Molly se volvió. Quien hablaba estaba apoyada en el pilar de al lado, con las manos cruzadas sobre el pecho. Era de facciones delicadas, tenía los ojos azules y el conjunto estaba ribeteado por una cascada de cabello negro como el azabache. Una picara sonrisa le rasgaba el rostro.
Molly asintió. La competencia entre las rameras podía ser feroz, pero eso no quitaba que charlaran entre putero y putero.
—Estaba pensando en tirar para Haymarket —dijo Molly, envolviéndose con el chal—. A lo mejor allí me como algo.
La chica morena movió la cabeza de un lado a otro haciendo que sus rizos le rebotaran en las mejillas.
—Yo no me molestaría. Estuve ahí no hace mucho y estaba más muerto que un fiambre Además, hacía un frío del carajo.

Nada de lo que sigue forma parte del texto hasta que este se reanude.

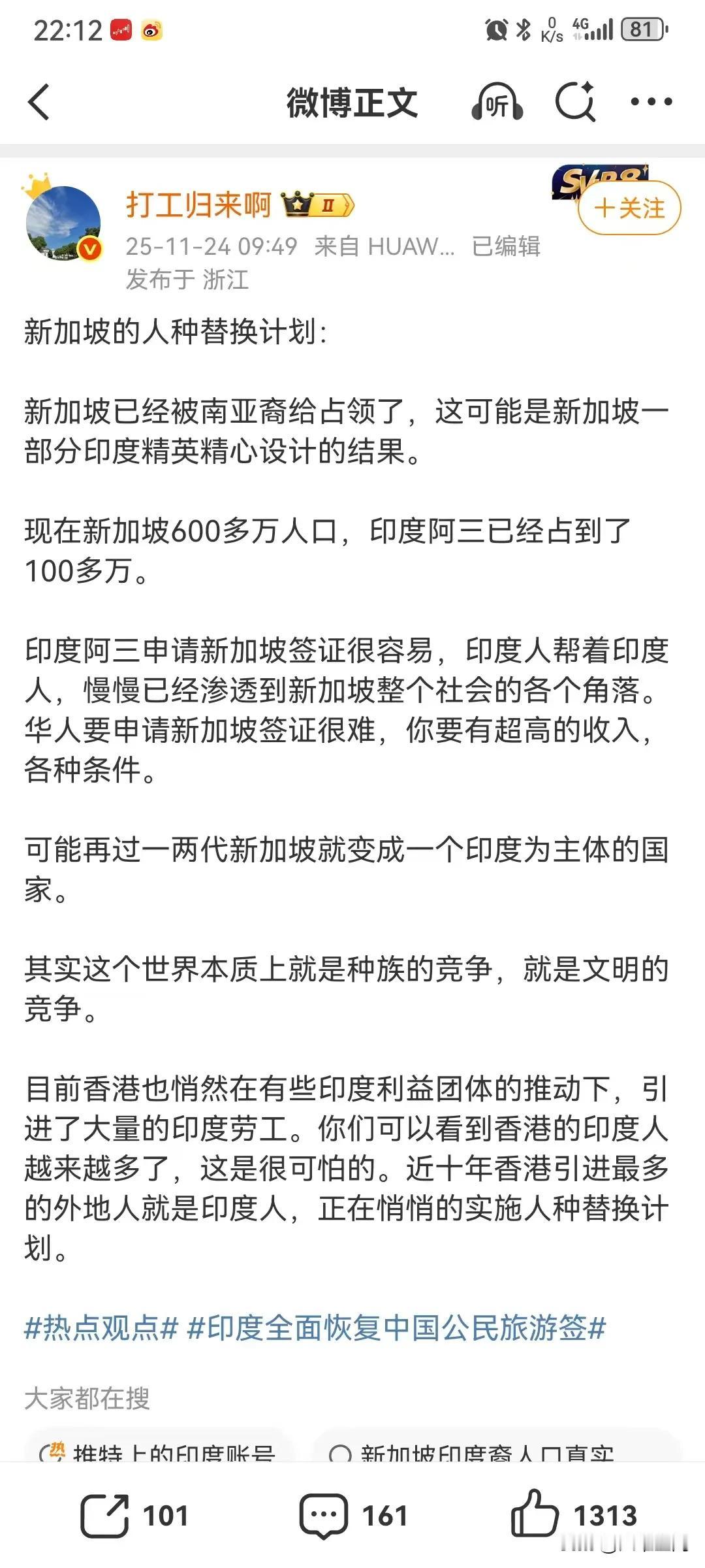 新加坡华人天天防着华人,而新加坡的印度裔恰恰相反,大量引进印度人,然后印度裔精英大量进入新加坡的政府,连新加坡总统和外长都是印度裔,新加坡六七百万人,户籍的印度裔可能只有100多万,但新加坡的非户籍人口有200多万,大部分是印度裔,估计就是这些户籍印度裔带进新加坡的亲属之类的,所以纯按人口算,新加坡华人还真的不一定占优势,而新加坡华人却依旧当着华人,实际窝已经被印度人头了,只要是华人有点什么问题,它们各种刁难,各种严格要求,而印度裔聚会,各种垃圾和噪音,新加坡警察连管都不管,所以真的看不懂新加坡华人精英为什么要这样做,难道真的彻底西化了吗?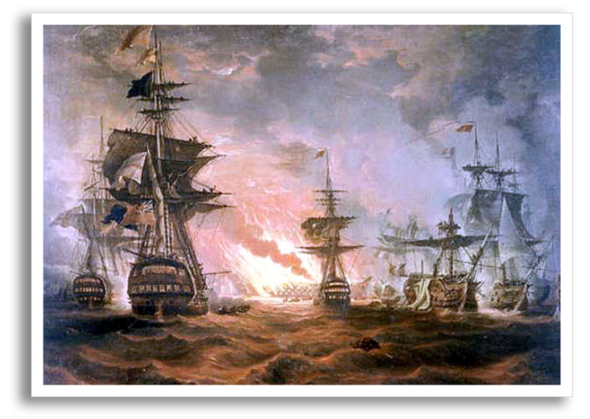 Het Franse leger voer met meer dan veertigduizend manschappen en honderden schepen door de Middellandse Zee, achtervolgd door een meer bescheiden Brits vlooteskader onder bevel van Horatio Nelson. Dat leidde, na vele omzwervingen door beide partijen, op 1 augustus 1798 tot de Slag bij de Nijl. Ook wel de Eerste Slag bij Aboukir genoemd. De Britse vloot onder leiding van Nelson behaalt hier, na onder meer de vernietiging van het Franse vlaggenschip Oriënt, een belangrijke overwinning. De Franse vloot werd bijna compleet vernietigd. Dit was Napoleons eerste grote militaire tegenslag. Zijn plannen voor een opmars naar Brits-Indië waren verkeken. De Franse vloot zou in geen tientallen jaren een serieuze partij meer zijn voor de Britse, zoals bij Trafalgar zeven jaar later nog eens zou blijken.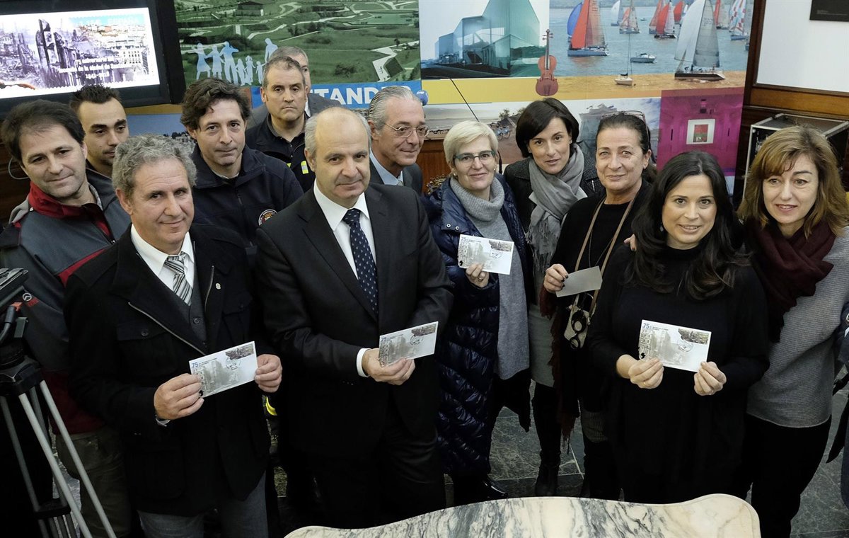 El sello, que forma parte de la serie 'Efemérides' y tiene un precio 1,15 euros, se ha presentado este lunes en un acto en el Ayuntamiento de Santander al que han asistido representantes de los cuerpo de Bomberos, Bomberos Voluntarios y Policía Local, así como coleccionistas de filatelia.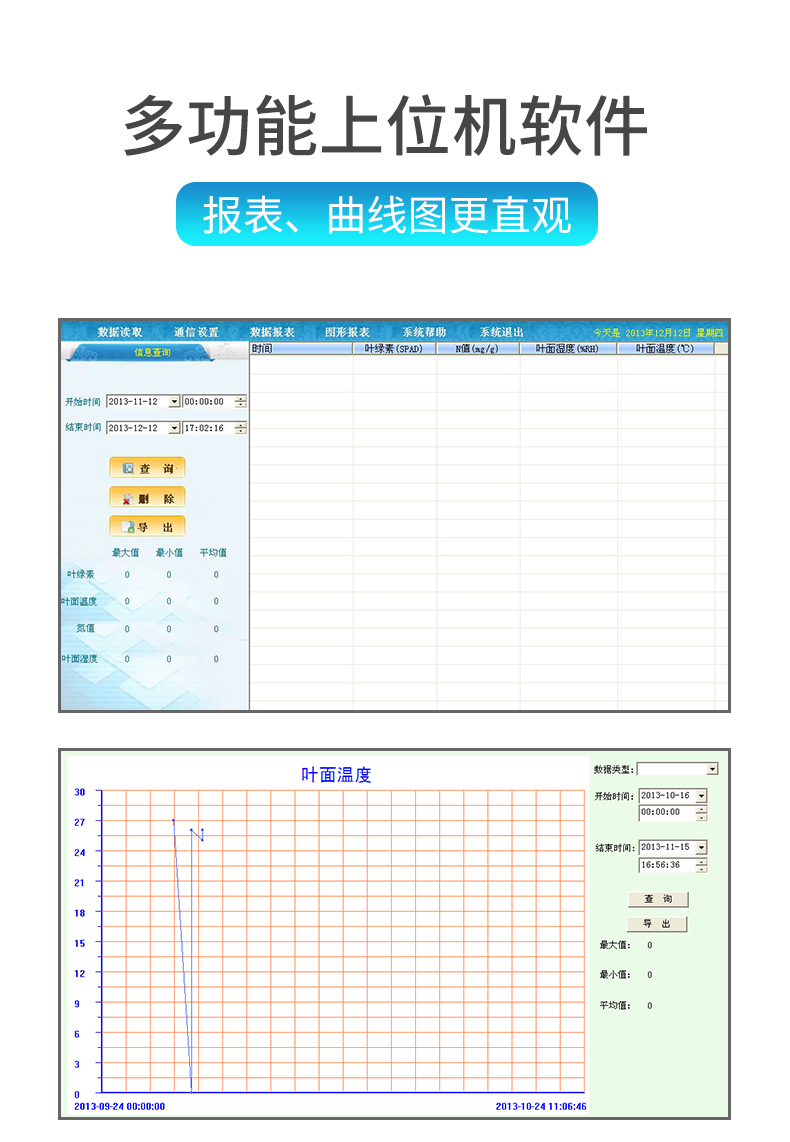 | 快速無損植物活體檢測(cè),不影響植物成長(zhǎng)。 | 一次操作可同時(shí)測(cè)定所有參數(shù),實(shí)時(shí)顯示。 | 氮,葉綠素,葉溫三種參數(shù)同一屏幕同時(shí)顯示,且可同時(shí)儲(chǔ)存 | 歷史數(shù)據(jù)查看,即可順序查看。 | 測(cè)量數(shù)據(jù)可連接計(jì)算機(jī)將測(cè)量數(shù)據(jù)導(dǎo)出,便于植物養(yǎng)分的管理和分析。 | 歷史數(shù)據(jù)查看,即可順序查看,也可跳轉(zhuǎn)查看。 | 意外斷電后已保存在主機(jī)里的數(shù)據(jù)不丟失。 | 對(duì)于歷史數(shù)據(jù)可以一鍵式全部刪除。 | 可連接計(jì)算機(jī)將測(cè)量數(shù)據(jù)導(dǎo)出,便于植物養(yǎng)分的管理和分析。 | 使用鋰電池供電,帶背光功能。 | 每種參數(shù)的報(bào)表、曲線圖均可選擇時(shí)段查詢查看。 | 可將存儲(chǔ)記錄的數(shù)據(jù)以EXCEL格式備份保存,方便以后調(diào)用。 | 可將存儲(chǔ)記錄的數(shù)據(jù)曲線圖以BMP圖片格式備份保存,方便以后調(diào)用。 |

A Molly le sorprendió que la chica no estuviera de acuerdo en que podría merecer la pena intentarlo en otro sitio. Con Molly por ahí perdiendo el tiempo, la otra muchacha podría haber tenido más posibilidades de pillar a un cliente.

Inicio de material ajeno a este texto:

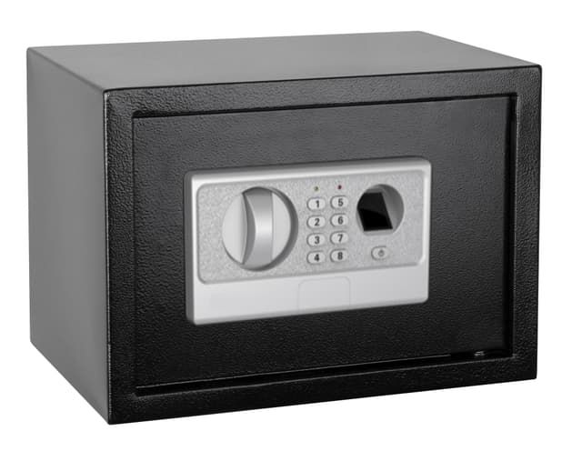 Safe med fingeravtrykkslås Utvendige mål: 250×350×250 mm (h×b×d) Innvendige mål: 245×345×190 mm (h×b×d) Platetykkelse: 2 mm/5 mm (kabinett/dør) Vekt: 10,5 kg LED-display Kode: 4-8 siffer Automatisk lys ved åpning av dør Minne for 20 fingeravtrykk Nø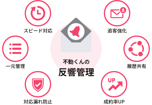 自社ホームページや大手ポータルサイトからの反響をひとつの画面に集約。反響元や対応状況が一覧でわかるため、対応漏れや二重対応を防ぎます。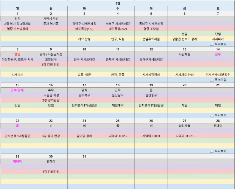 3월에는 지방임장을 계획하고 있는데 월부추천을 한 친구와 함께 다시 달려보면서 시간을 조금더 효율적으로 쓰면서 텐션을 높여보도록 하겠습니다
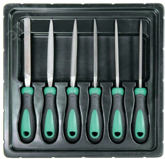 Набор 100 мм надфилей с бархатной насечкой, плотностью 28 зубьев на см. Твердость рабочей поверхности изделий 64-66 HRC. В наборе содержатся плоский, плоский пазовый, полукруглый пазовый, круглый, квадратный и треугольный зауженный надфили. Изделия снабжены резинополимерными рукоятками.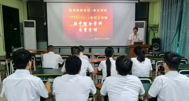 2025年11月20-26日,缅甸新世纪(CPEC)国际中文学校曼德勒校区召开了期中质量检测分析会,会议以本次期中质量检测的成绩数据为导向,围绕语文、数学及综合学科进行系统分析,旨在全面提升学生汉语水平与整体学科素质。会议分别由教学副主任李雪婷(语文)、教学副主任徐华斌(数学)及教学主任杨旭冬(综合学科)主持,常务副校长王粮钧、副校长罗仕荣及全体科任教师参会。
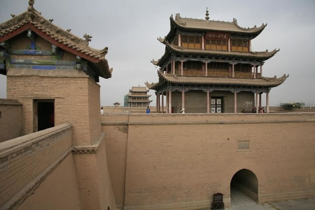 內(nèi)城四角有角樓,也叫“戍樓”,形如碉堡,是守城士兵值勤放哨的地方。南北城墻建有敵樓,是放置兵器的地方。站在這里回望,“光化樓”、“柔遠樓”及“嘉峪關(guān)樓”三座高大建筑,同在一條中軸線上。這種“過洞式城門”及高臺樓閣建筑形式,是中國幾千年建筑歷史及建筑形式的延續(xù)發(fā)展。
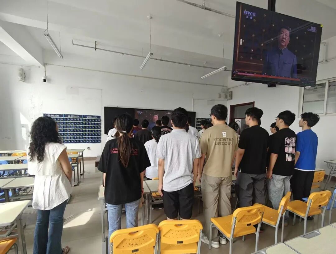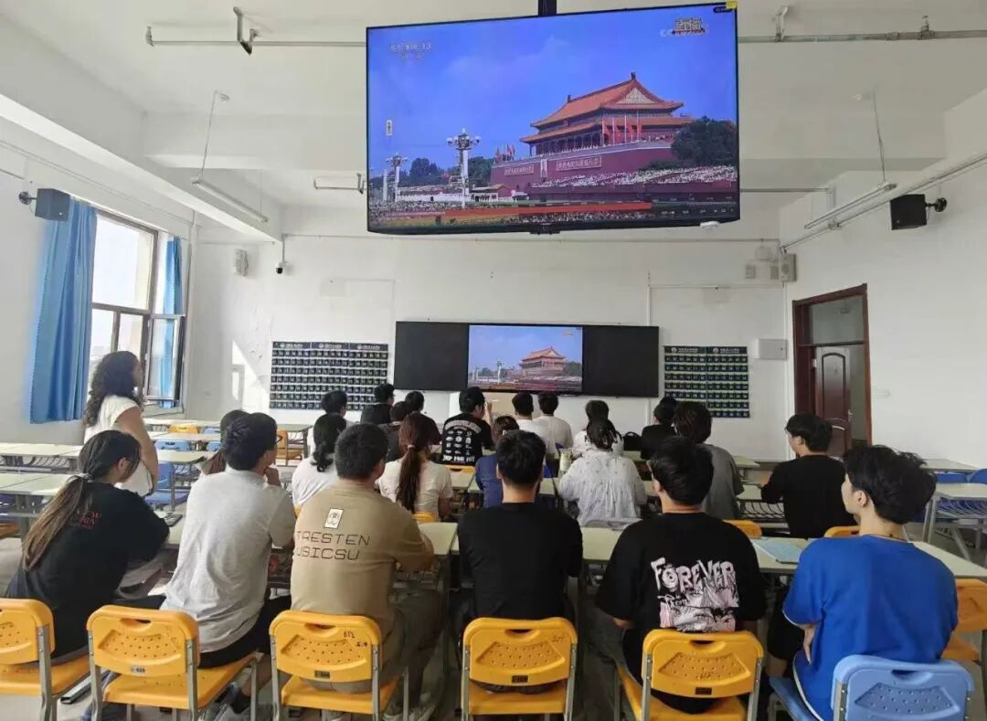 最后,辅导员曾海艳老师进行总结。她表示,今天的活动既是一次国家发展知识的普及课,更是一堂深刻的爱国主义教育课。从大家观看阅兵时专注的神情,到互动环节积极的表现,能感受到同学们对国家发展的关注、对祖国的热爱。国家的发展不是遥不可及的概念,它关乎每一个人的未来,更需要每一代人的努力。希望同学们能把今天在活动中收获的感动与力量,转化为日常学习的动力,既要学好专业知识,筑牢成长根基,也要持续关注国家发展动态、了解时代进程,始终牢记 “国家强则个人强”,以青年之担当,为祖国的美好未来贡献自己的一份力量。同时,现场不少同学在活动结束后自发打开手机,再次观看阅兵片段并合影留念,这些画面也被记录下来,成为大家铭记这份家国情怀的珍贵瞬间。

Molly aceptó la información con una triste sonrisa. La chica inclinó la cabeza a un lado y escrutó a Molly meditativa.
—A lo mejor… —dijo haciendo un mohín—. Casi que no, una muchacha como tú, no.
—¿No qué? —preguntó Molly.
La chica sostuvo la mirada de Molly durante unos instantes, como si estuviera dándole vueltas a una idea. Finalmente comentó:
—Es sólo que uno de mis caballeros habituales me ha hecho una oferta para una juerguecita a tres: él y un par de señoritas. El tipo es de alto copete y le gusta hacer sus ejercicios matutinos. Me pidió que saliera a ver si encontraba a alguien —dijo lanzando una mirada sugestiva—. ¿Qué piensas? ¿Te interesa? Lo más seguro es que no dure más de una hora. Además, suelta buena guita. No tendríamos que pasarnos el resto del día congelándonos las tetas aquí fuera.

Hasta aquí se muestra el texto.